She took the flowers and told him to come in.

"I should have called, shouldn't I?"

"Don't be silly." Greenie held the flowers with their heads toward the
floor, as her mother had taught her when she was small. She looked at
Other Charlie's face and recognized a nervous habit from long ago: he
set and worked his lower jaw so that the muscles beneath his ears stood
out like small marbles. She had always seen this look of consternation as
the look of a boy playing at being a man. Endearingly, it seemed no different
now that he had become a man.

She said, "You worry too much, Charlie." He followed her to the
kitchen. She pulled a glass pitcher off a shelf and filled it with water,
consciously—because here was the ultimate Water Boy—not turning on
the tap until it was right above the mouth of the pitcher.

Other Charlie sat quietly at the table while Greenie trimmed the flowers.
He said abruptly, "Charlie, I still can't believe it's you, here."

"It's me," she said, "I'm here, and you can call me Greenie."

"No.
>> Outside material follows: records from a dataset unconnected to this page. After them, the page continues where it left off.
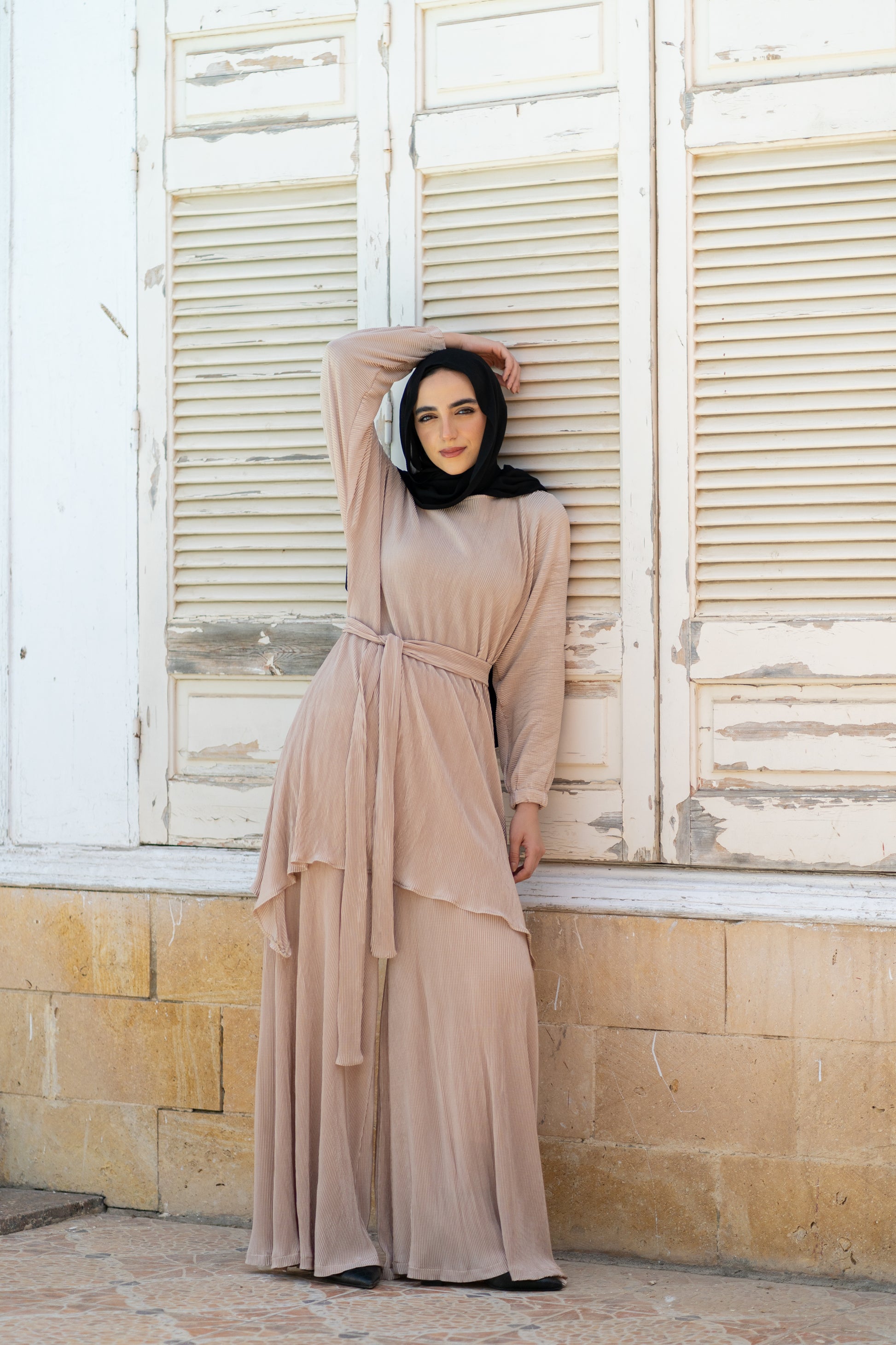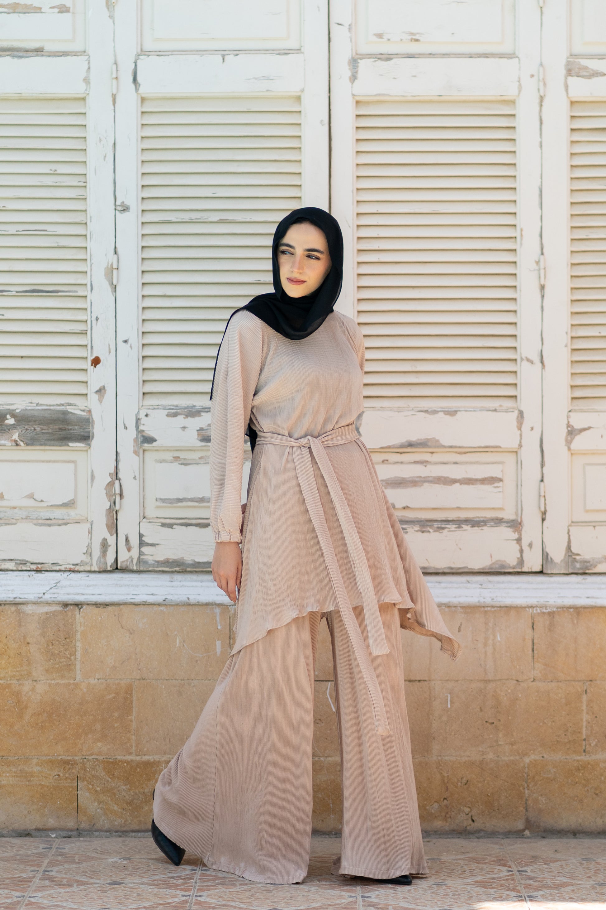 available in three beautiful colors: **Beige, White, and Blue**! This ensemble is perfect for any occasion, combining style and comfort effortlessly.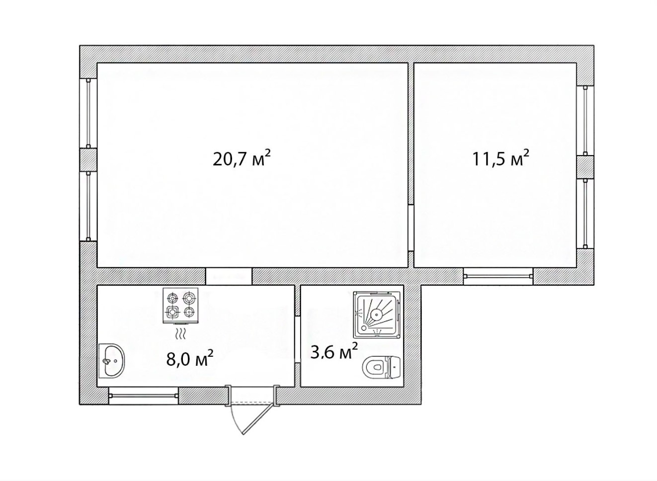Загальна площа: 44 кв.м
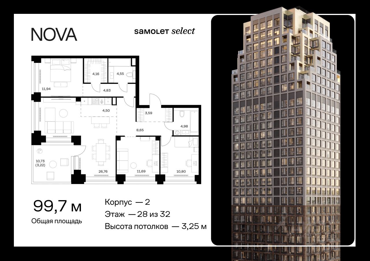 Предлагается 3-комнатная квартира премиум-класса 99,67 кв.м в корпусе 2 на 28 этаже, в ЖК "NOVA"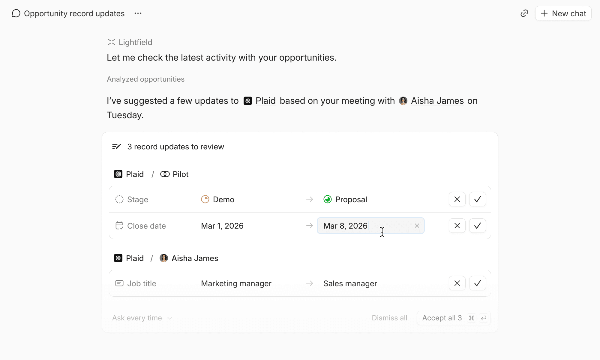 Redesigned how Lightfield handles bulk object creation and edits with the agent. You can now respond to Lightfield’s proposed changes with natural language, or opt to bypass approval entirely, which you can configure in settings.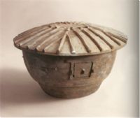 泥质灰陶。囷身较矮,有一方形门。囷顶为斜坡形,上堆贴瓦楞,形制简朴。该器为随葬品。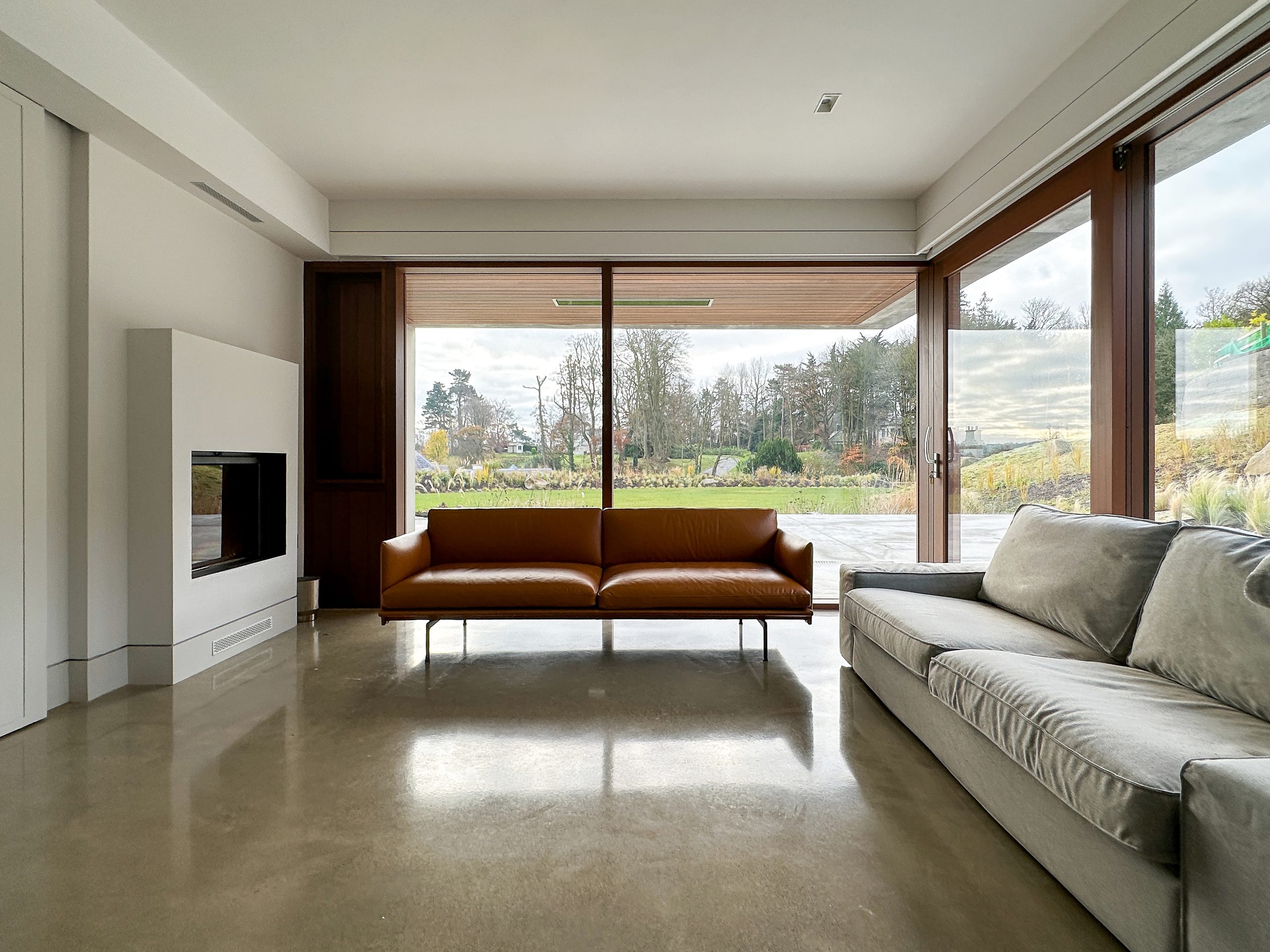 Longhurst is a substantial new villa in a residential area on the southern outskirts of Belfast. In contrast to its more traditionally designed neighbours, which stand assertively and distantly at the centre of their large plots, Longhurst is a fine exploration of a modern house that is generated by and responds to the topography and orientation of the site. The architects have skilfully orchestrated a beautiful unfolding sequence of spaces that begin with a modestly scaled, almost Japanese entry courtyard, then carefully step down the slope to finally open out to expansive living spaces, terraces, and lawns to the south. The design hides the villa’s scale from external gaze, presenting an almost mute expression to the access lane, while the glazed, garden-facing south elevation reveals its sheer generosity. The quality of detail, materials, and construction is exemplary. This is clearly a house for relaxation and entertaining friends on a grand scale.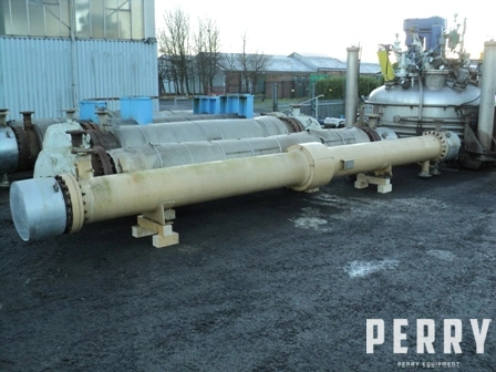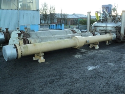 Used Johnson Hunt approximately 46.5SQMT 304L stainless steel tube and carbon steel shell horizontal heat EXCHANGER. Has (128) approximately 19mm outside diameter X 6096mm long stainless steel tubes 236 LITRE capacity rated 9.3 bar design pressure at 150 DEGC. Has carbon steel shell approximately 380mm diameter X 6007mm long 464 LITRE capacity rated 6.5 bar design pressure at 64 DEGC. Shell includes expansion bellows. Bolted stainless steel heads 8 pass design. Mounted on (2) cradles. Last used as waste water cooler.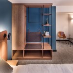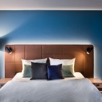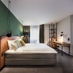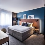 In the hotel room, you will clearly notice that comfort and modernism work together as a whole, and express themselves in detail. Soft textiles and round shapes are featured to accentuate clean lines and hospitable functionality. This functionality is demonstrated by the multifunctional wardrobe, that can also be used as a seating alcove and luggage rack. It has a filigree, geometric style. The indirect lighting creates a feeling of comfort and can be adjusted to the needs of our guests. Elaborate details, such as the bedside lamp in a pendular shape, leather straps in the seating alcove or decorative seams on the back of the bed, round off the design.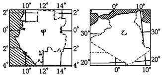 1.两国所在的大洲是:2.关于甲、乙两国地理特征等内容的叙述,正确的是: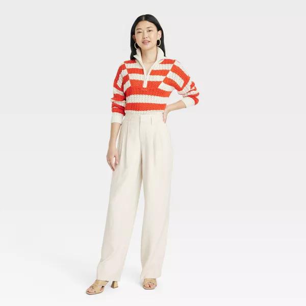 Women's High-Rise Linen Pleat Front Straight Trousers - A New Day™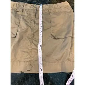 This Old Navy mini skirt in size 8 is perfect for casual summer outings. Made from a comfortable blend of cotton and spandex, it features a solid beige color and a knit fabric with a bit of stretch. The skirt includes practical pockets and a button closure. Ideal for casual occasions, it pairs well with a variety of tops for a relaxed look. The skirt is machine washable for easy care. It is pre-owned with light wear.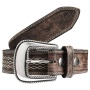 Rautenstickereien auf abgeschabtem Used Look statten den markanten Ledergürtel mit zweireihig abgesteppten Kanten von Stetson mit einem verwegenen Cha ...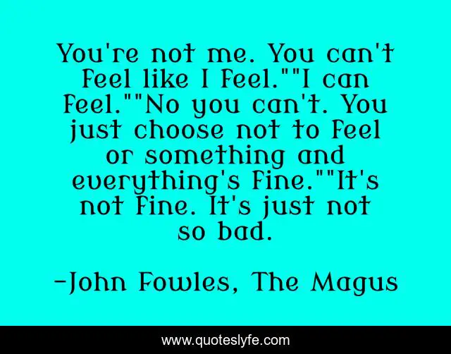 This page presents the quote "You're not me. You can't feel like I feel.""I can feel.""No you can't. You just choose not to feel or something and everything's fine.""It's not fine. It's just not so bad.". Author of this quote is John Fowles, The Magus. .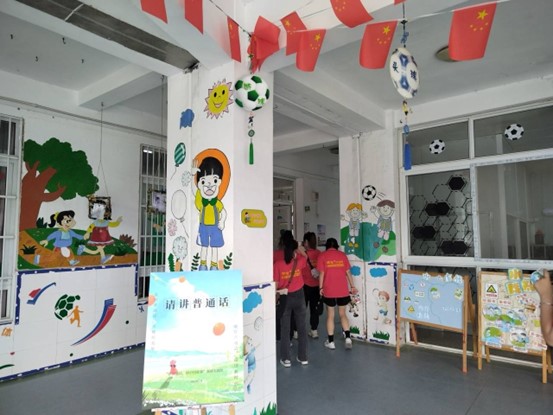 6月30日上午,實踐團來到肥西縣紫蓬山管委會中心幼兒園,通過問卷調查、與教師面對面訪談的形式了解當地幼兒園的普通話推廣情況以及在推普過程中遇到的困難和問題。在訪談中,實踐團了解到由于地域風俗因素,孩子們普遍存在某些字詞發音不準的現象;大多的孩子由爺爺奶奶帶大,受老一輩影響,部分孩子方言使用頻次較高;由父母帶大的孩子普通話則較為標準且使用頻次較高。通過進一步訪談,實踐團了解到紫蓬山管委會中心幼兒園非常重視孩子的普通話教育,園內隨處可見諸如“說普通話,做文明人”標語,各種形式的語言活動常見于教育教學,說普通話貫穿整個教學和生活場景,潛移默化的引導孩子們會說普通話、多說普通話。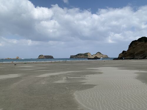 浜田海水浴場 このだだっ広い浜田海水浴場は、遠浅できめ細かな白砂が美しいビーチで、夏場は海水浴客で賑わう。右手に見える島は、竹島と高島が重なり、その左に浜島がある。 千座の岩屋 象の水飲みのあった竹崎海岸も美しい景観に恵まれた砂浜で、風向きに…

No, I don't believe I can. It's not . . . you. The you I know. Or
remember."

"I'm probably not the me you remember." Greenie felt the insincerity
of the teasing, the way it was meant to cover their genuine astonishment,
their mutual excitement at stumbling onto someone so familiar—
almost familial—in a place where they were both happily occupied but
out of place.
Fish out of water,
she might have joked. But wanting to
lighten rather than deepen the moment, she laughed and said, "My
mother always put two aspirin in the water. Viagra for flowers!" She set
the pitcher on the table.

"Charlie," said Other Charlie, his tone almost urgent, "please stop
talking about your mother. I've hated your mother for so long. I'm
sorry. No, no I'm not, as a matter of fact. I'm not sorry."

Greenie turned away. She laid the cutting board and the knife in the
sink. Speechless with anger, it took her a moment to turn around and sit
at the table. "Is that what you dropped by to tell me?"

"I make it a policy never to dwell on the past, but seeing you? I keep
on remembering that weekend, the time she invited me up to your place
in Maine. No,
her
place; that was clear."

Greenie sat still, hands in her lap. "Yes. That was ages ago. Eons."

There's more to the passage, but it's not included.